It’s win or go home for Indiana Pacers


Most people want to say the Eastern Conference Semifinal series between the Indiana Pacers and the Miami Heat essentially ended Tuesday in Miami when the Heat clobbered the Pacers 115-83 to take a 3-2 lead.

Some, including columnist Bob Kravitz of the Indianapolis Star, say the Pacers won’t go so quietly because they have every bit the mental toughness as a team that Miami has.

One thing’s for sure: With Indiana finally facing a real must-win situation at 8 p.m. today at Bankers Life Fieldhouse, we’re about to find out which side is correct.

You don’t truly play a must-win game in the playoffs until you are facing elimination with a loss. The Pacers face that prospect tonight.

They face it mere days after owning a commanding 2-1 lead gained when they throttled the Heat 94-75 in Game 3 in Indy. Since then, NBA MVP LeBron James and fellow superstar Dwyane Wade have found themselves and have put Miami back in the driver’s seat by combining for 70 and 58 points in Games 4 and 5, respectively.

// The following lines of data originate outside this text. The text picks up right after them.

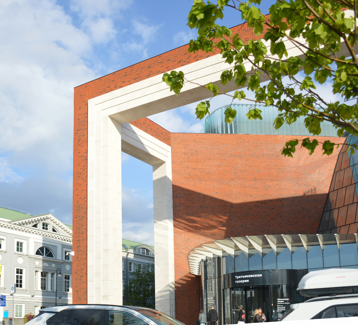 Видимо, в честь Международного дня Солнца, который мы отмечали 3 мая, и решило светило наше всё же нас навестить - это после ошеломительного ливня 1 мая и снегопада 2-го! Прогулка моя вышла недолгой - от Третьяковской галереи, нового корпуса на Кадашёвской набережной... ...и берегом Водоотводного канала, где весело били фонтаны: Среди водяных брызг блестели на солнце купола колокольни Ивана Великого и кремлёвских соборов - если приглядеться, можно заметить памятник Илье Ефимовичу Репину, что логично - стоит ведь напротив Третьяковской галереи: Лужков мост закрыт - готовятся к параду Победы на Красной площади... ...вдоль реки выстроились поливалки - в таком количестве вижу их впервые. Видимо, ночью отправятся отмывать Красную площадь... ...а уличного движения, между тем, почти нет - разве что такси снуют среди поливалок! Народ гуляет, радуются солнцу и люди, и собаки. Обратите внимание - у дамы с таксой на сумке брелок в виде таксы... Заглянем мимоходом в переулок! Там узорно-кружевна
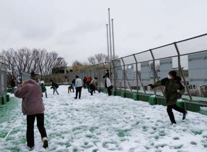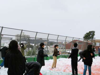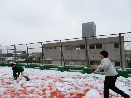 残念ながらパウダースノーではなく、べちゃっとした雪でした。しかし、せっかくの雪でしたので6年生優先で屋上で雪遊びをしました。
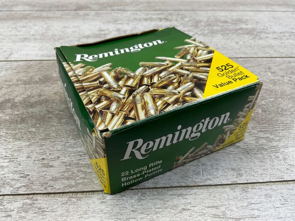 REMINGTON 525 GOLDEN BULLET VALUE PACK 22 LR AMMO, FULL BOX, BOX IS TAPED ON ONE SIDE CORNER DUE TO WEIGHT, OTHERWISE IN EXC CONDITION.

By comparison, Pacers big men Roy Hibbert and David West — easily a matchup strength on paper for Indiana in this series since Miami’s Chris Bosh when down in Game 1 with an abdominal strain, have combined for 36 points in the same pair of games. It’s rather inexplicable how the two have come up so small other than West’s missing five straight shots to open Game 5 when he was guarded by smaller Shane Battier.

Scoring down low has to be a point of emphasis if the Pacers are to extend this series to a decisive Game 7 on Saturday, especially with Danny Granger limited by a sprained ankle he sustained Tuesday. Coach Frank Vogel plans to play Granger like normal tonight, per Conrad Brunner, but how effective can he be? Granger has struggled to contain James on the defensive end even when fully healthy, and if the ankle starts to bug him again, chances are good he will miss more minutes than planned and thus be unable to give the Pacers his usual scoring number. That puts an added onus on Vogel and the Pacers to feed the ball inside to Hibbert and West and for those two to score. The absence of Udonis Haslem, who was suspended for his Game 5 flagrant foul on Tyler Hansbrough, leaves even fewer excuses.

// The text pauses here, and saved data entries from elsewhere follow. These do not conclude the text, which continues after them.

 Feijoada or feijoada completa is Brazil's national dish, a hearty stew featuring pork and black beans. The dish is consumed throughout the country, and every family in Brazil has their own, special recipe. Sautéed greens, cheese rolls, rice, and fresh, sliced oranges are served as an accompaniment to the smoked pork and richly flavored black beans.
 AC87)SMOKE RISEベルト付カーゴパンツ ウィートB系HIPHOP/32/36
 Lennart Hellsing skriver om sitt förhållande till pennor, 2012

They can’t be soft as team president Larry Bird described them Tuesday after the blowout loss.

There really can’t be too much disappointment among Pacers fans if the team loses tonight or Saturday in Game 7. Just containing either James or Wade alone is daunting; the Pacers must contain both, and while they were able to earlier in this series, it’s proving increasingly more difficult. In addition, the Pacers jumped from 37-46 and the eighth seed in the East last year to 42-24 and the third seed this year. Really, the only thing that would be a slight disappointment in Indiana losing this series would be the fact that the Pacers had such a monumental matchup advantage with Bosh out.

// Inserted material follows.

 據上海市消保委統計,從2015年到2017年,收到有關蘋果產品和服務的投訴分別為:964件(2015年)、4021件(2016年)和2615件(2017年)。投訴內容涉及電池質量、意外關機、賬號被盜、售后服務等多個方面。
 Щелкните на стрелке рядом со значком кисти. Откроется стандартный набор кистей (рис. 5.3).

There will be questions about the future of this Pacers team as constructed — will this core (and Paul George individually) eventually develop into championship-caliber material, or will the Pacers become the new Atlanta Hawks, who have been stuck in neutral since they similarly rose to the top half of the East three years ago? Will Indiana have to deal Danny Granger in order to make room for another young star like Indianapolis native Eric Gordon? Can the Pacers re-sign Roy Hibbert? Will Brian Shaw remain on the coaching staff or accept a head coaching position?

I’m sure the team would rather play more basketball than begin to address all those questions after tonight.